0
votes

Recommended way of dealing with horovod and docker is: https://github.com/uber/horovod/blob/master/docs/docker.md. That's bad in a way because it leaves bash as a primary docker process and python process as a secondary. Docker logs report of bash logs, docker state is dependent on bash state, docker closes if bash process closes, etc, so it thinks its main process is bash while it should be python process we're starting. Is it possible to make python process main process in all dockers workers, primary and secondary?

I tried starting mpirun process outside instead of starting mpirun inside of the docker, with interactive docker start command as a mpirun command (docker containers were already prepared with nvidia-docker create):

mpirun -H localhost,localhost \
-np 1 \
-bind-to none \
-map-by slot  \
-x NCCL_DEBUG=INFO \
-x LD_LIBRARY_PATH \
-x PATH \
-x NCCL_SOCKET_IFNAME=^docker0,lo \
-mca btl_tcp_if_exclude lo,docker0 \
-mca oob_tcp_if_exclude lo,docker0 \
-mca pml ob1 \
-mca btl ^openib \
docker start -a -i bajaga_aws-ls0-l : \
-np 1 \
-bind-to none \
-map-by slot  \
-x NCCL_DEBUG=INFO \
-x LD_LIBRARY_PATH \
-x PATH \
-x NCCL_SOCKET_IFNAME=^docker0,lo \
-mca btl_tcp_if_exclude lo,docker0 \
-mca oob_tcp_if_exclude lo,docker0 \
-mca pml ob1 \
-mca btl ^openib \
docker start -a -i bajaga_aws-ls1-l

But that failed - processes didn't communicate via horovod and were working as independent processes.

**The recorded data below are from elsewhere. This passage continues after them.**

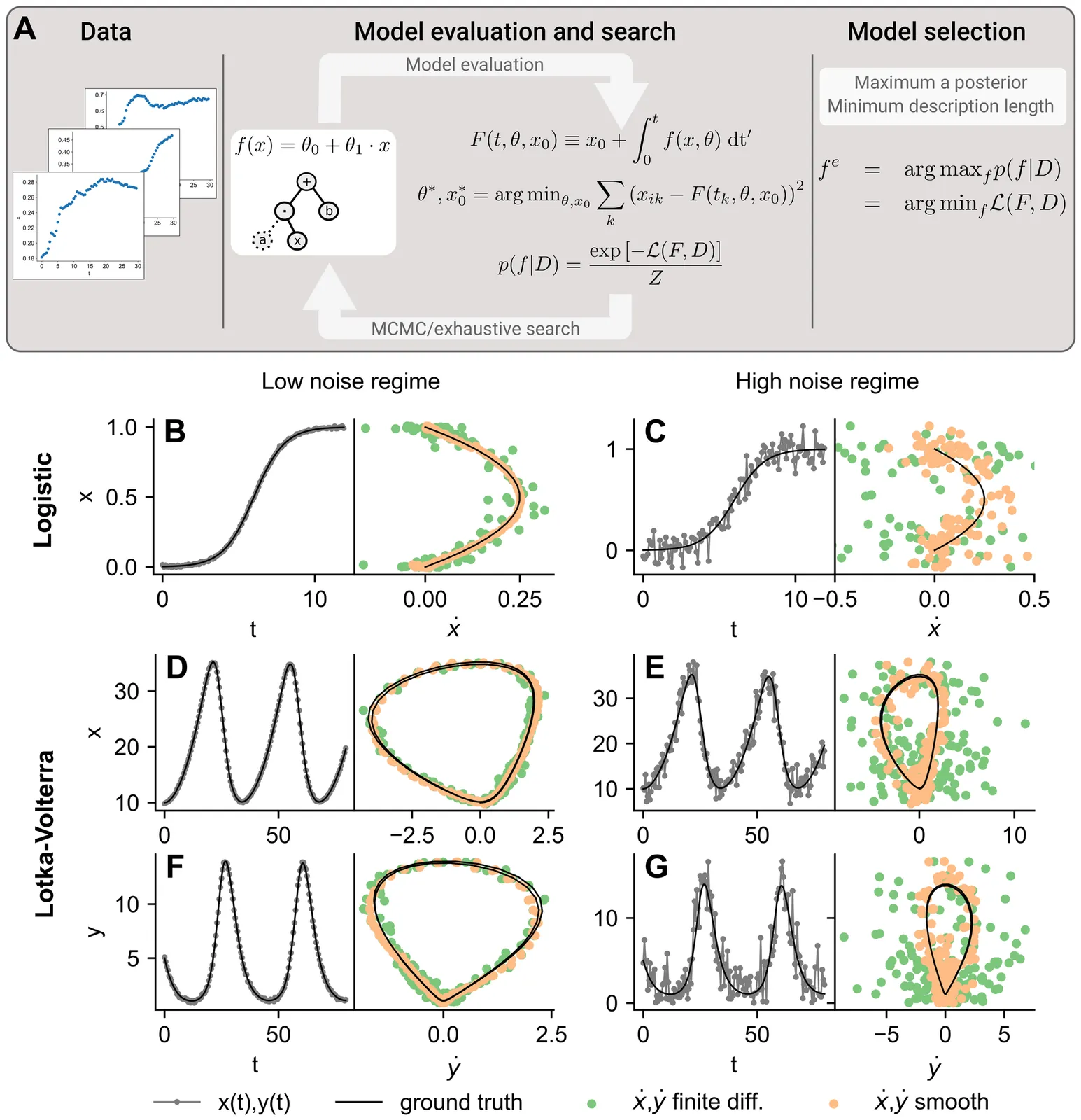 Understanding how systems evolve over time often requires discovering the differential equations that govern their behavior. Automatically learning these equations from experimental data is challenging when the data are noisy or limited, and existing approaches struggle, in particular, with the estimation of unobserved derivatives. Here, we introduce an integral Bayesian symbolic regression method that learns governing equations directly from raw time-series data, without requiring manual assumptions or error-prone derivative estimation. By sampling the space of symbolic differential equations and evaluating them via numerical integration, our method robustly identifies governing equations even from noisy or scarce data. We show that this approach accurately recovers ground-truth models in synthetic benchmarks, and that it makes quasi-optimal predictions of system dynamics for all noise regimes. Applying this method to bacterial growth experiments across multiple species and substrates, we discover novel growth equations that outperform classical models in accurately capturing all phases of microbial proliferation, including lag, exponential, and saturation. Unlike standard approaches, our method reveals subtle shifts in growth dynamics, such as double ramp-ups or non-canonical transitions, offering a deeper, data-driven understanding of microbial physiology.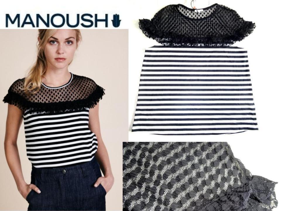 MANOUSHのTシャツ トップスです。パリスヒルトン、フランスでもバネッサパラディー、有名シンガー、日本では、梨花、ひなの、平子さん愛用で知られていますフランスブランドMANOUSHです。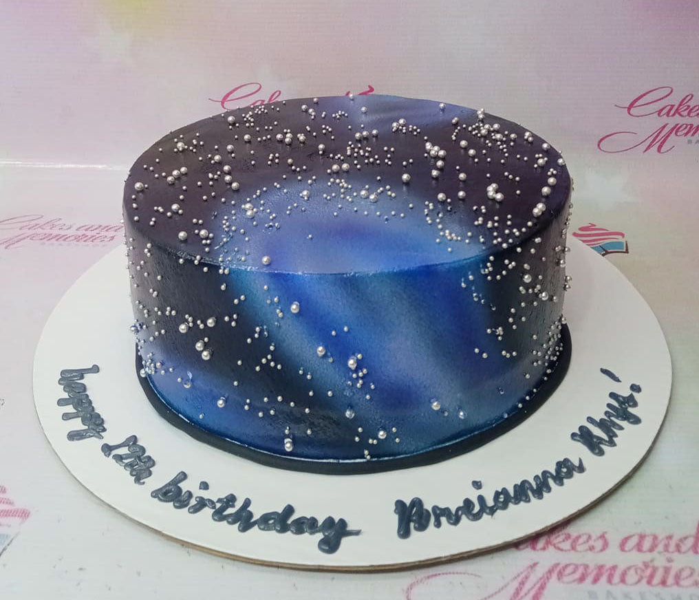 Galaxy themed birthday cake with blue and purple gradient icing and silver pearl sprinkles

Do you know how could I achieve making python process docker main process?

1
if you are looking for containers for HPC, singularity is a much better fit IMHO. If not, start mpirun inside the container (it will fork&exec local MPI tasks inside the same container) and use the orte_launch_agent param to have the remote orted (and their local MPI tasks) spawned inside a container on a remote host.Gilles Gouaillardet

1 Answers

0
votes

Managed to execute this good enough via few tricks: * Starting container with entrypoint that runs forever until sigterm is passed * Starting mpi stuff as another process * Writting output to process 1 stdout/err, so that docker logs works * At the end of my process sending sigterm to process 1, so that whole container close.